Iaroslav Denysenko (Yaroslav Yuriyovych Denysenko, Ярослав Юрійович
Денисенко; born 23 September 1991) is a swimmer from Ukraine who competes in Paralympic S13, SB13 and SM13 (individual medley) events.
A five time European champion, in 2013 Denysenko won the World Championship in 50 metres freestyle S13, and has appeared in two Paralympic Games

==Career history==
Denysenko began swimming competitively in 2013 for Ukraine, winning the world title in his debut season. He came to international attention when he competed at the 2016 Paralympic Games, winning four silver medals.

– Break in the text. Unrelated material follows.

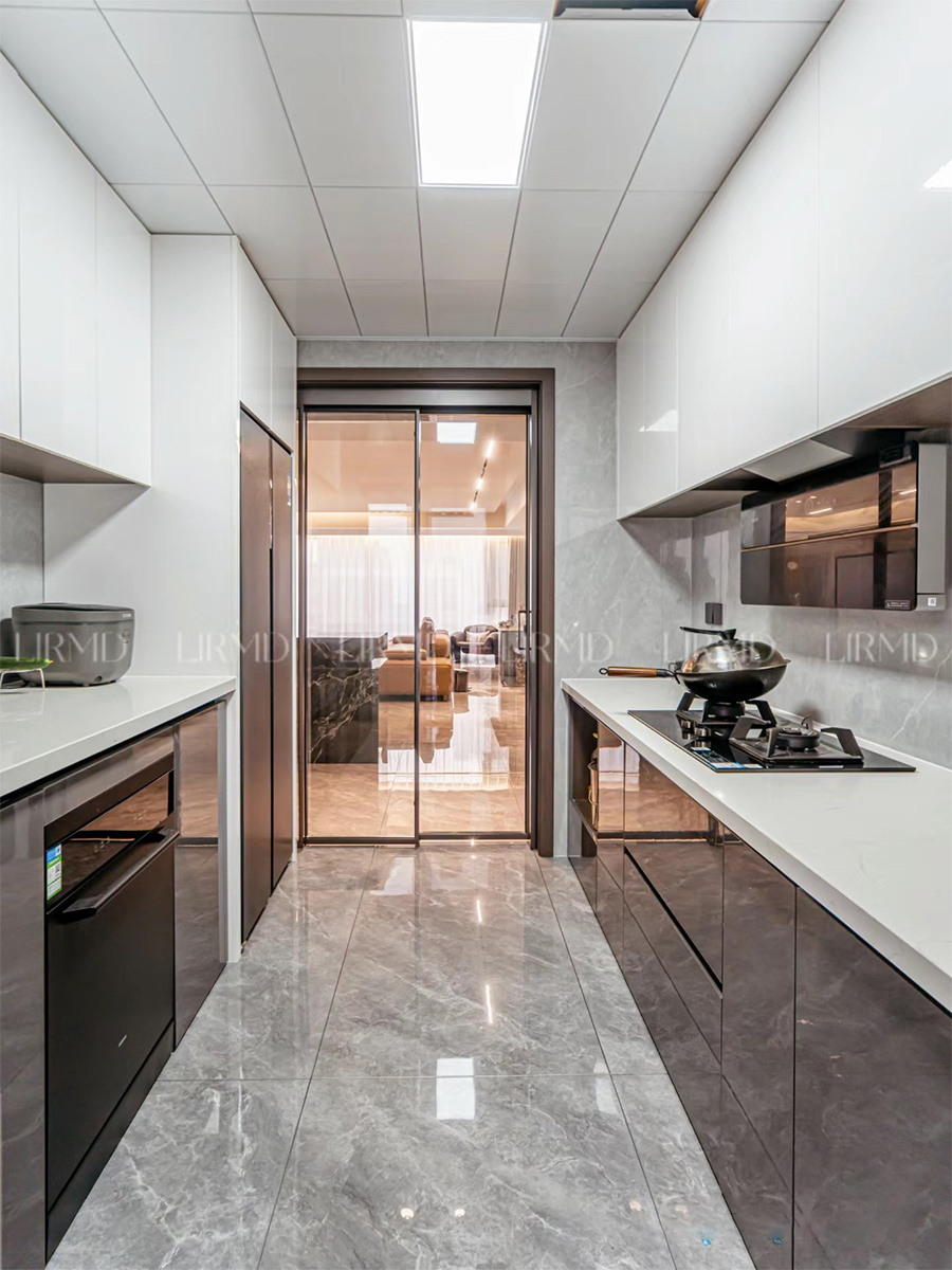 輕于形 奢于質(zhì) 意式輕奢 整體色調(diào)高級(jí)深灰色調(diào)搭配,用巖板打破整體空間深沉感,讓空間層次和效果體現(xiàn)更高級(jí)感。

The following year Denysenko represented Ukraine again, winning 5 gold and two silver medals at the 2018 World Para Swimming European Championships, dominating the S12 classification.

==Personal life==
In recognition of his performance at the 2016 Paralympic Games in Rio de Janeiro, he received the Order for Merits [second grade] in Ukraine. He has also received the title of Honoured Master of Sport in Ukraine.
His wife Kateryna Denysenko [Istomina] has competed in Para swimming, winning gold in the S8 100m butterfly at the 2016 Paralympic Games in Rio de Janeiro.